Dad always periodically brought home new games from Kmart, and Amy and I kept or vetoed them within the hour. It didn't take us very long to find out that the NES adaptation of the Hunt for Red October was as boring and tedious to 7- and 4-year-old as the movie was. He returned it to the store almost immediately. On Fridays, he took me to Fred's Video, where I would pick out a game to rent for the weekend. One time, I made him search all around town for Mega Man 2; I just had to play it and nothing else would do. In retrospect, that was a really bratty thing for me to do to my dad.

In an effort to get me to participate in exercise, another favorite pastime of my father's who was coaching at the high school, he bought the Power Pad controller accessory, and he and I would plug it into the Nintendo and race each other in the game that came with it.

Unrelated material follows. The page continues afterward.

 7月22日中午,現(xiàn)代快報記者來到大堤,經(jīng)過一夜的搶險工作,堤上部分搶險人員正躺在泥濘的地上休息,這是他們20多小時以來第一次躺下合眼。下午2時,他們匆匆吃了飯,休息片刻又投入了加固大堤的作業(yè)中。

He was happy to see me frantically pounding away in my bare feet on the electronic mat, finally beating Cheetah, the fastest runner on World Class Track Meet.

A few Christmases later, the Super Nintendo Entertainment System was welcomed into the Poland household and the boxy NES began to collect dust. All of my friends were selling their old Nintendo Systems and cartridges to get money to buy SNES games, and Dad said he had to stop me from trying to sell ours. I can't believe I would've ever thought of such a thing. 

Dad always collected baseball cards and knew the value of holding onto "keepsakes," as he called them. Together, we routinely boxed up McDonald's Happy Meal toys in their original wrappings along with all my Teenage Mutant Ninja Turtle action figures, which are still in the attic. Some people might call it pack-ratting, but I'll always remember the story he told me about the time my grandmother threw out all his baseball cards when he was a kid. His collection now is extremely valuable; I can't imagine how much more it would be worth if his mother understood the value of his first collection all those years ago.

So I kept the Nintendo, thanks to my dad, and still have it to this day, and it works as well as it ever did (with a little bit of blowing into the game cartridges, of course).

This will be my last column about Nintendo games in The Daily Cougar. With any luck, I will graduate this semester, and I know my dad will be especially proud. I would like to dedicate this last column to my father. Without his guidance, I wouldn't have the love and appreciation for the memories and keepsakes of a bygone era. We should never outgrow what we love and we certainly shouldn't throw it away. Keep what you love safe and close to your heart. Just keep it for keepsake, lest we toil in search for it again and again in the heaps of what we choose to forget.